When schools are reduced to rubble or become temporary shelters, these protective functions disappear. Instead, Gaza’s schools increasingly resemble sites of trauma, displacement, and interruption, not growth.

Trauma, Hunger, and Learning Loss: A Spiral of Harm

The education crisis in Gaza does not exist in isolation, but it intersects with:

  • Widespread hunger and malnutrition, which impair cognitive development
  • Psychological trauma, which reduces concentration and memory
  • Displacement and instability, which make regular attendance impossible

A recent scientific analysis describes how children exposed to conflict, displacement, and trauma face long-term developmental challenges, including reduced educational outcomes.

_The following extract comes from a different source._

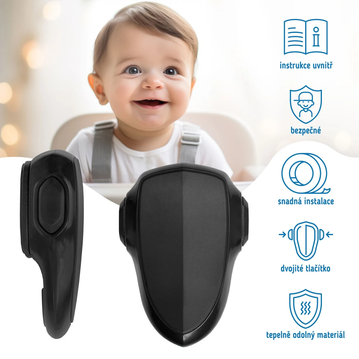 DOPLŇUJÚCE INFORMÁCIE: Vždy postupujte podľa priložených pokynov. Pomôcka je určená na domáce použitie. Nepoužívajte výrobok iným spôsobom, než pre aký bol určený a aký je popísaný v priložených pokynoch. Výrobca nezodpovedá za škody vzniknuté v dôsledku použitia výrobku v rozpore s jeho určením. Upozorňujeme, že niektoré deti môžu ochranu odstrániť. Z tohto dôvodu odporúčame pravidelne kontrolovať stav bezpečnostnej pomôcky – zámku.
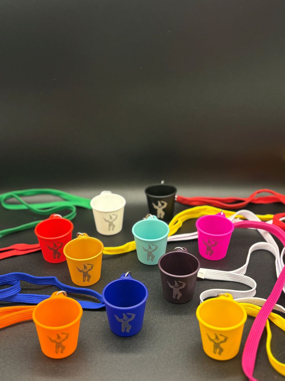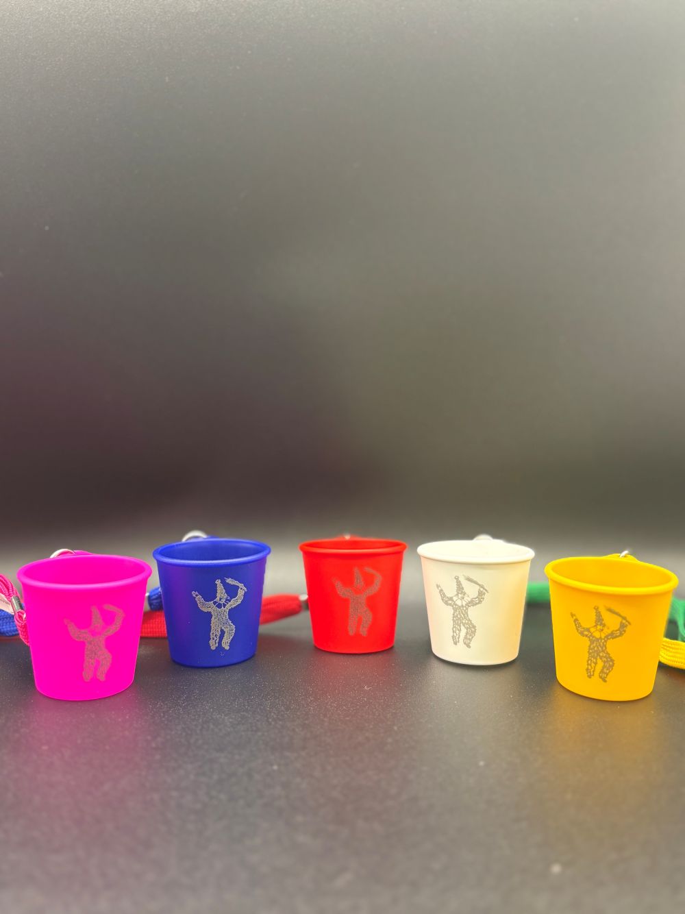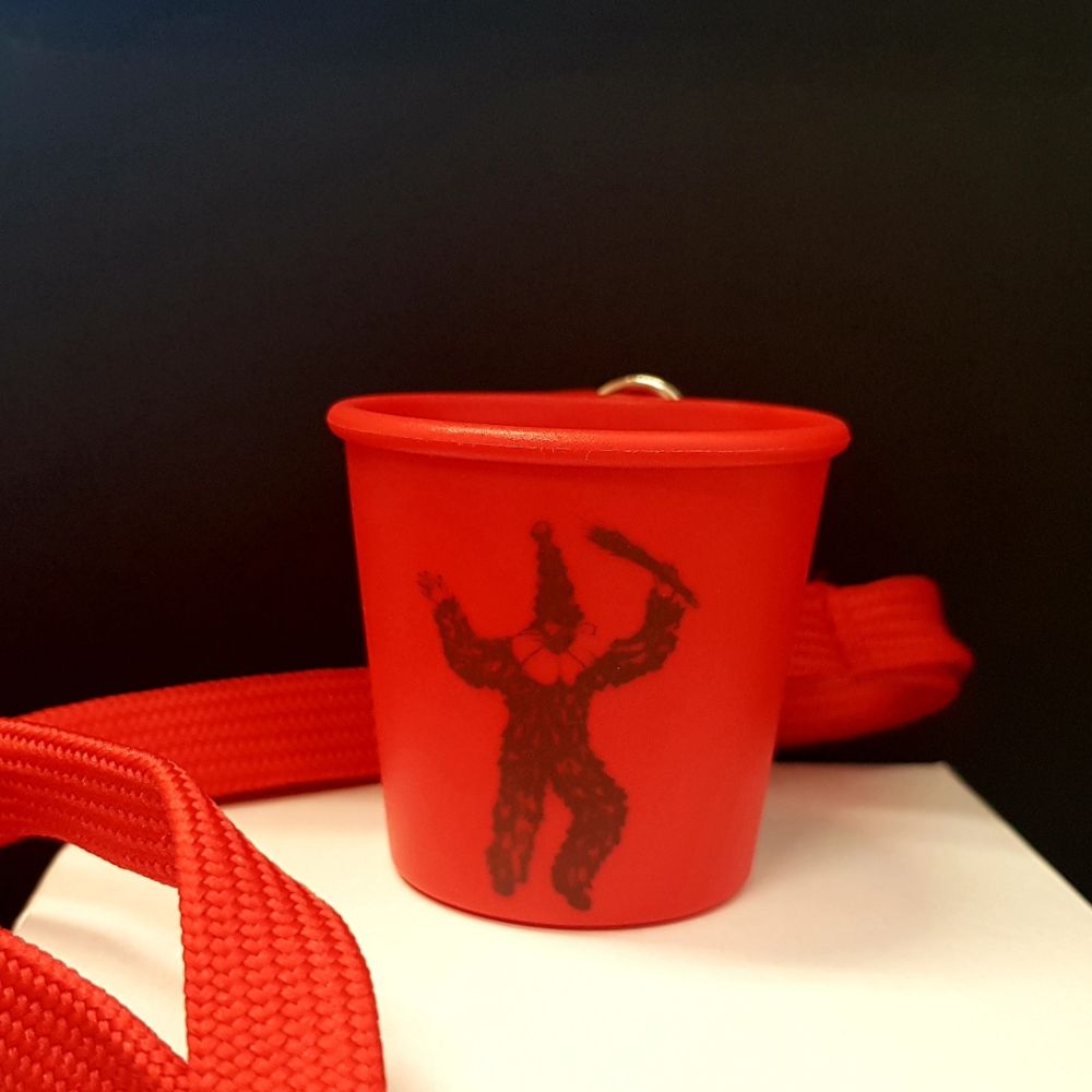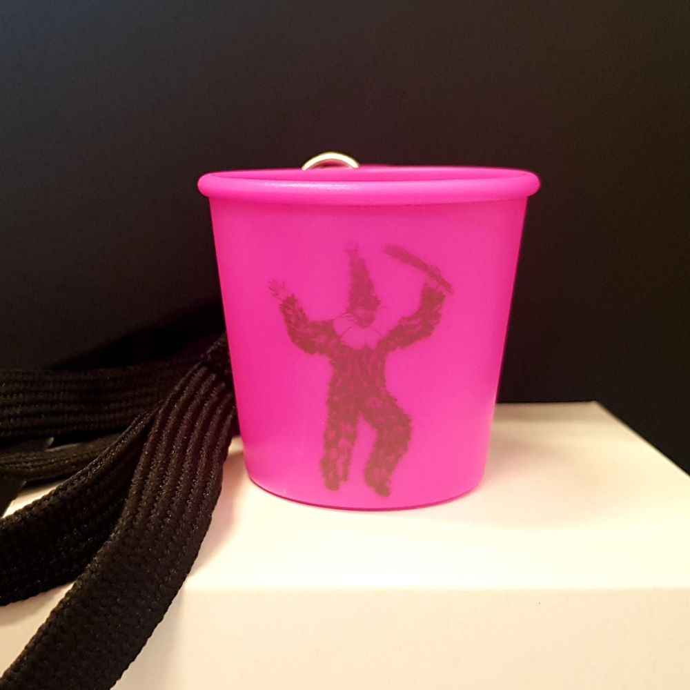 Schnapsbecher aus Kunststoff inkl. Umhängeband in verschiedenen Farben erhältlich

Comparing Gaza to Global Conflict Patterns

Gaza’s education collapse is one of the most extreme examples today, but it reflects a broader global trend.

UNICEF estimates that globally, more than 25 million children of primary age are out of school due to conflict and insecurity.

In wider conflict zones, from Yemen to Sudan, attacks on schools and displacement keep millions from education.

However, Gaza’s situation is exceptional for the scale of destruction, cumulative closure, and overlap with famine, displacement, and repeated bombardment.

The Lost Generation is Not Just a Phrase but a Forecast

Researchers warn that, unless things change, Gaza’s children will not simply “catch up.” They will represent a generation with permanent educational loss, with consequences echoing for decades.

This is the core of the Cambridge study’s warning:

“Children in Gaza will have lost the equivalent of five years’ worth of education… and many will be a full decade behind their educational level.”

Even temporary or online learning measures introduced by UNRWA and the Palestinian Ministry of Education have been severely constrained by destroyed infrastructure, scarce resources, and ongoing insecurity.

Why This Matters Beyond Gaza

When an entire generation loses access to education:

  • Entire economies lose future professionals
  • Communities lose rebuilding capacity
  • Political stability becomes harder to achieve
  • Human rights, including dignity and autonomy, are undermined

Gaza’s children are not only Palestinian future workers and citizens. They are part of the global Muslim community, and their loss echoes in every society that values human potential.

Their right to education is universal, and its denial is not a local tragedy but a global failure.